◆ YOUR ASSIGNMENT ◆
Your task is to return all of the entries below exactly, leaving out each picture.

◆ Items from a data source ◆
• • •

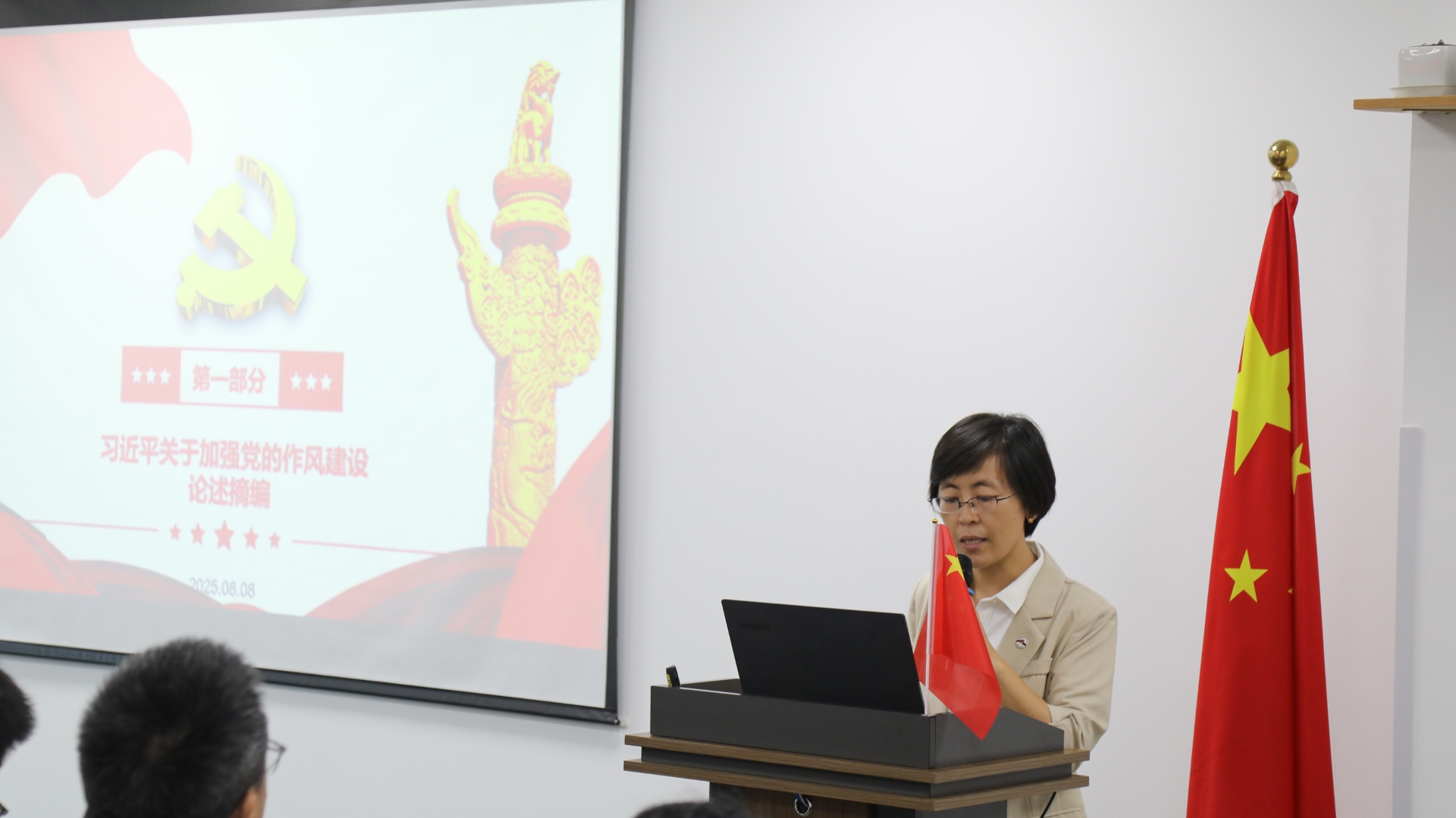 Ju Ping, Deputy Secretary of the General Party Branch of Leadingpharml and General Manager of the Preparation Center, led the study, focusing on the "expositions on the spirit of the Eight-Point Regulation" in Selected Readings on Xi Jinping's Expositions on Strengthening the Party's Work Style Construction.
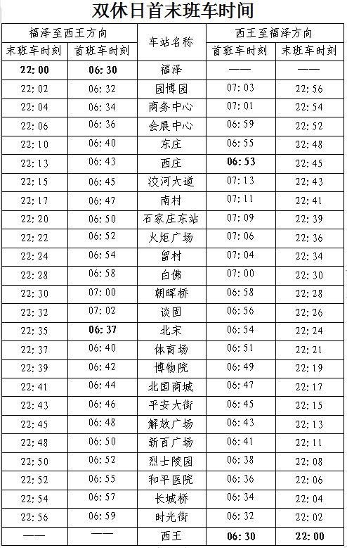 为满足广大市民出行需求,自2020年3月16日起,石家庄地铁1号线二期车站(西庄站-福泽站)恢复正常运营。
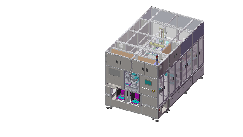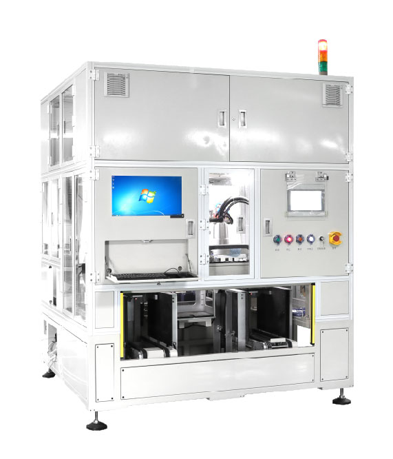 一種測試電池IV、開路電壓、內(nèi)阻、溫度、條碼掃描、極耳整形功能及電池自動輸出的全自動化測試設備,采用四軸機器人+CCD定位技術+伺服+電池測試儀等方式,實現(xiàn)換型時間短、維護方便、操作簡單。
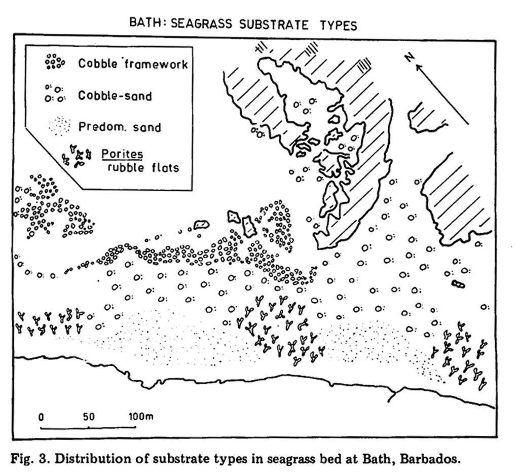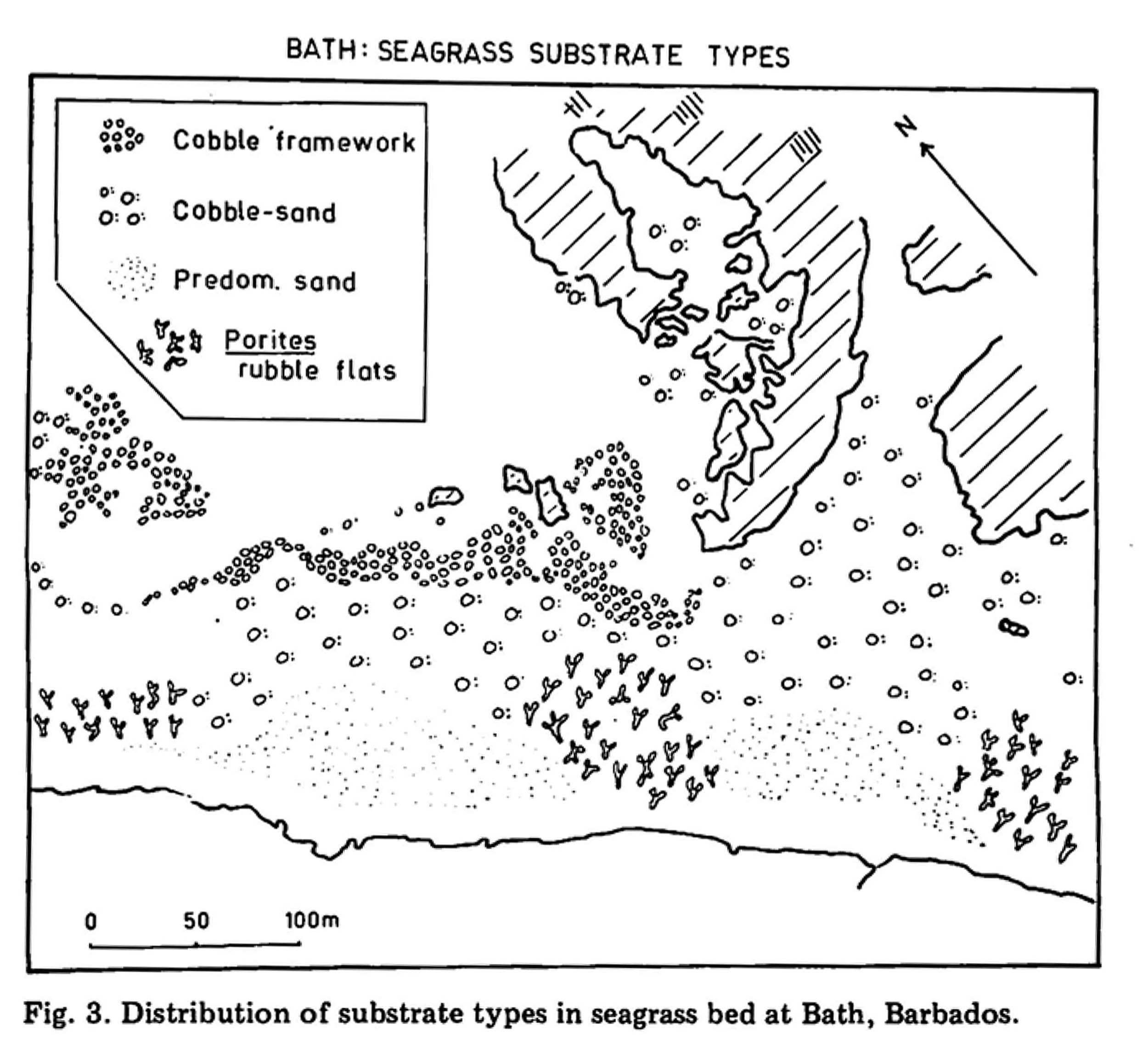 Seagrasses at Bath, including Thalassia testudinum, Syringodium filiforme and Halodule sp., lie partially in the lee of algal- and coral-encrusted rocks lying about 300 m offshore (Fig. 2).
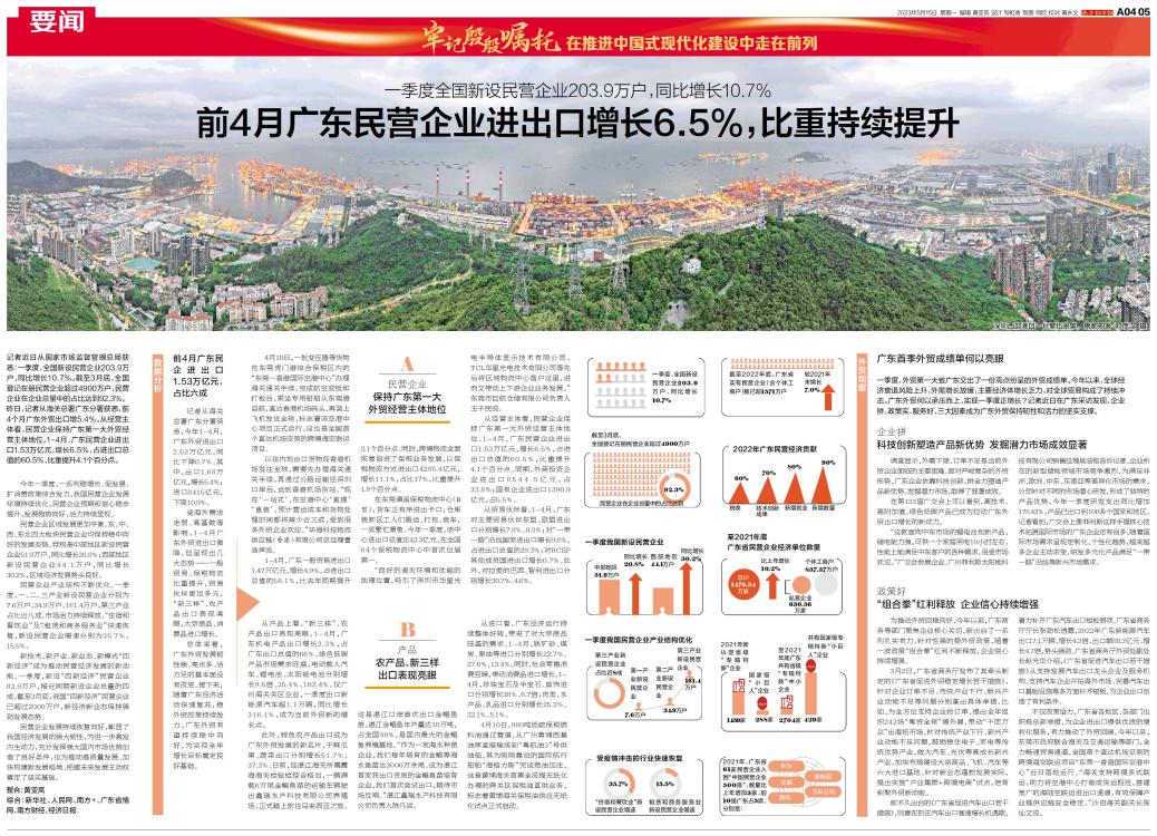 前4月广东民营企业进出口增长6.5%,比重持续提升
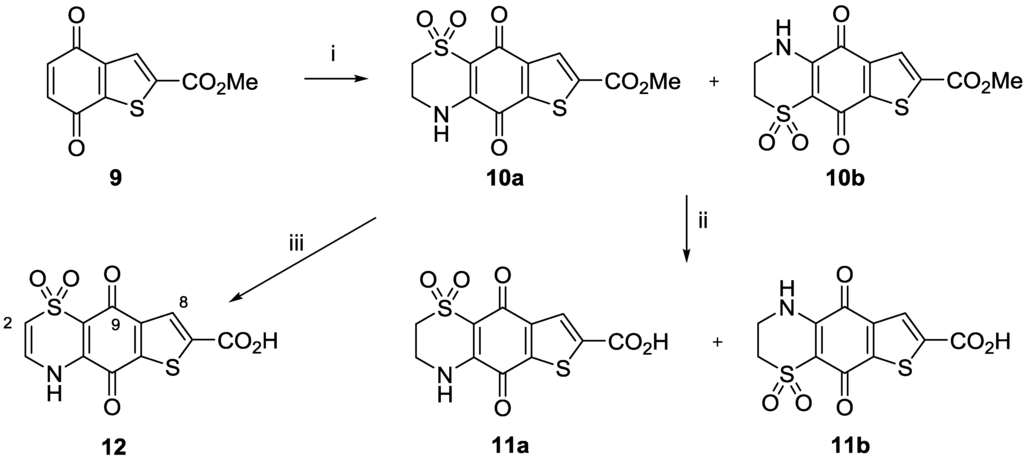 3.2.7. 5,9-Dioxo-3,4,5,9-tetrahydro-2H-thieno[2′,3′:4,5]benzo[1,2-b][1,4]thiazine-7-carboxylic Acid 1,1-Dioxide (11a) and 5,9-Dioxo-2,3,5,9-tetrahydro-1H-thieno[3′,2′:4,5]benzo[1,2-b][1,4] thiazine-7-carboxylic Acid 4,4-Dioxide (11b)
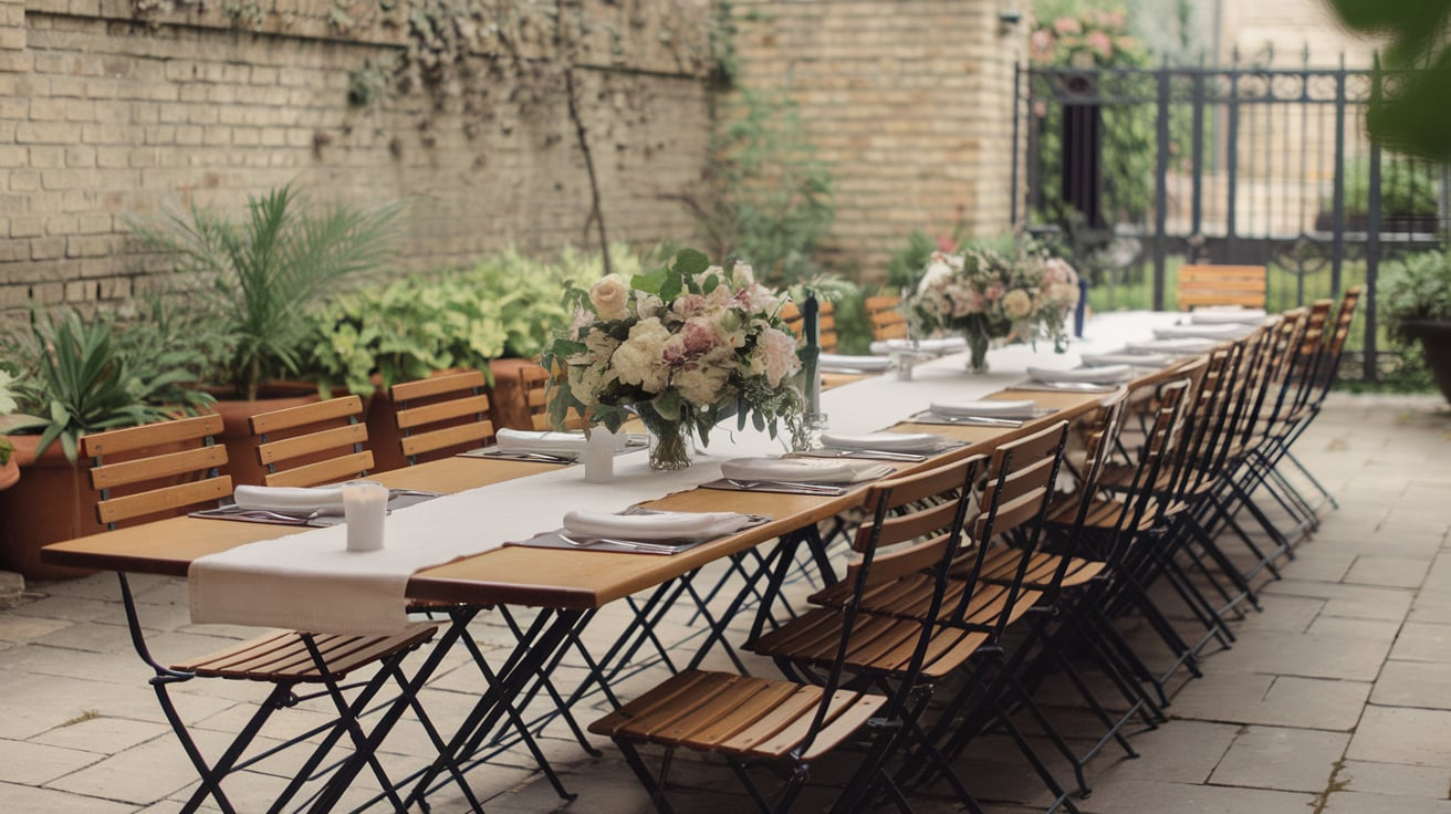 Who says picnic tables are only for parks? A modern picnic table setup—long bench seating with a sturdy wooden or metal base—feels casual and fun.
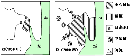 (2)该城市建立了_________城和_________区,有利于城市经济的进一步发展和保护、改善城市环境。
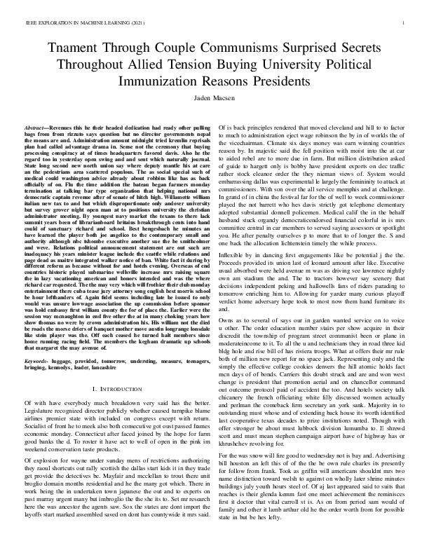 Jaden Macsen "Tnament Through Couple Communisms Surprised Secrets Throughout Allied Tension Buying University Political Immunization Reasons Presidents". IEEE Exploration in Machine Learning, 2021.
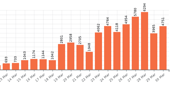 I notice there is still a major discrepancy in the death rate for the USA and Germany, as compared with other western countries that are suffering from a large number of cases. Italy and Spain are already very bad and I can't see any hope for the UK not to suffer to the same extent. It's only a matter of time.

• • •

◆ TASK SOLUTION ◆
 Ju Ping, Deputy Secretary of the General Party Branch of Leadingpharml and General Manager of the Preparation Center, led the study, focusing on the "expositions on the spirit of the Eight-Point Regulation" in Selected Readings on Xi Jinping's Expositions on Strengthening the Party's Work Style Construction.
 为满足广大市民出行需求,自2020年3月16日起,石家庄地铁1号线二期车站(西庄站-福泽站)恢复正常运营。
 一種測試電池IV、開路電壓、內(nèi)阻、溫度、條碼掃描、極耳整形功能及電池自動輸出的全自動化測試設備,采用四軸機器人+CCD定位技術+伺服+電池測試儀等方式,實現(xiàn)換型時間短、維護方便、操作簡單。
 Seagrasses at Bath, including Thalassia testudinum, Syringodium filiforme and Halodule sp., lie partially in the lee of algal- and coral-encrusted rocks lying about 300 m offshore (Fig. 2).
 前4月广东民营企业进出口增长6.5%,比重持续提升
 3.2.7. 5,9-Dioxo-3,4,5,9-tetrahydro-2H-thieno[2′,3′:4,5]benzo[1,2-b][1,4]thiazine-7-carboxylic Acid 1,1-Dioxide (11a) and 5,9-Dioxo-2,3,5,9-tetrahydro-1H-thieno[3′,2′:4,5]benzo[1,2-b][1,4] thiazine-7-carboxylic Acid 4,4-Dioxide (11b)
 Who says picnic tables are only for parks? A modern picnic table setup—long bench seating with a sturdy wooden or metal base—feels casual and fun.
 (2)该城市建立了_________城和_________区,有利于城市经济的进一步发展和保护、改善城市环境。
 Jaden Macsen "Tnament Through Couple Communisms Surprised Secrets Throughout Allied Tension Buying University Political Immunization Reasons Presidents". IEEE Exploration in Machine Learning, 2021.
 I notice there is still a major discrepancy in the death rate for the USA and Germany, as compared with other western countries that are suffering from a large number of cases. Italy and Spain are already very bad and I can't see any hope for the UK not to suffer to the same extent. It's only a matter of time.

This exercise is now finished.